Ébriamente bebo o prazer de te contemplar... deito-me nas tuas nuvens de cetim... sabem a algodão doce... já sabes que sim...

Silenciosamente entrego-me ao prazer de te admirar... sei que és intocável. Não importa... Posso amar-te no silêncio dos tons que me ofereces todas as noites...

Lá fora uma serenata de cagarras embala o início da noite... olho-te ... silenciosamente...

Enfeitiçada por ti... fica apenas o silêncio...

2008-03-09

Enfim... 47

Ao contrário da maioria das pessoas que conheço quando cheguei aos 4o anos, senti-me realmente bem... estava mais madura... mais sensível... mais atenta aos problemas dos outros, em suma mais humanizada, como se o percurso com vários tropeções da vida me tivesse ensinado a ser mais "sábia".


Reconheço que o final dos 45 e os 46 anos não foram muito positivos, tiveram muitos percalços, no entanto acredito que se tivesse passado o mesmo aos 20 ou 30, não teria sabido agir com a mesma harmonia que me fez ultrapassar essa fase menos boa.
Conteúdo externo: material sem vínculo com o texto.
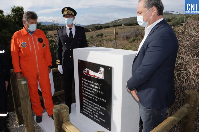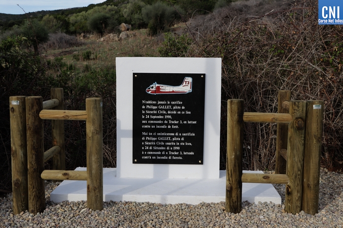 En français et en corse ont pouvait y lire : « N'oublions jamais le sacrifice de Philippe Gallet, pilote de la Sécurité Civile, décédé en ce lieu le 24 septembre 1990 aux commandes du 'Tracker 3 » en luttant contre un incendie de forêt » - « Mai ù ci sminticaremu di u sacrifiziu di Philippe Gallet, pilota di a Sécurità Civile smaritu in stu locu, u 24 Sitembre di u 1990 à e cummande di u Tracker 3, luttendu contr'à un incendiu di furesta ».

Chegaram os 47... fechei imensas portas e abri de novo as janelas que valem a pena para arejar os meus dias. Deixei entrar o Sol e o vento norte varreu por completo algumas teias de aranha que teimavam em minar o que sou...


Estou em inquietante conjugação harmónica com a vida... Assim poderei voltar a voar livre nas asas das cagarras que já animam as noites do meu Pico...

Sei que algumas pessoas ao lerem este texto vão tirar ilações daquilo que não está escrito, não importa, o que me importa realmente é aquilo que os meus amigos conseguem ler no que escrevo...


Obrigado a todos que de alguma forma estiveram comigo neste dia.


















2008-03-06

Tonalidades ...

Perco-me a olhar-te, sinto-te pulsante a emergir da terra, sugando docemente a seiva que te alimenta... A chuva deixa-te encharcada, o vento norte agita-te furiosamente... Continuas ali mesmo assim... para deleite da minha vista preenchida pela tua beleza... saboreio-te, embriago-me com o teu cheiro... entrego-me ao puro prazer de te tocar suavemente, quase a medo... medo de não ser digna de ousar sequer pensar tocar-te... tamanha fonte de beleza, suavidade e efemeridade tu transmites...

Perco-me hoje a olhar-te, amanhã sei que quando te olhar já terás as tuas pétalas abertas ao Sol que te aquece... virei olhar-te todos os dias... sucessivamente as tuas pétalas irão caindo... até ao dia que cairão todas e tu voltarás à terra que te fez nascer...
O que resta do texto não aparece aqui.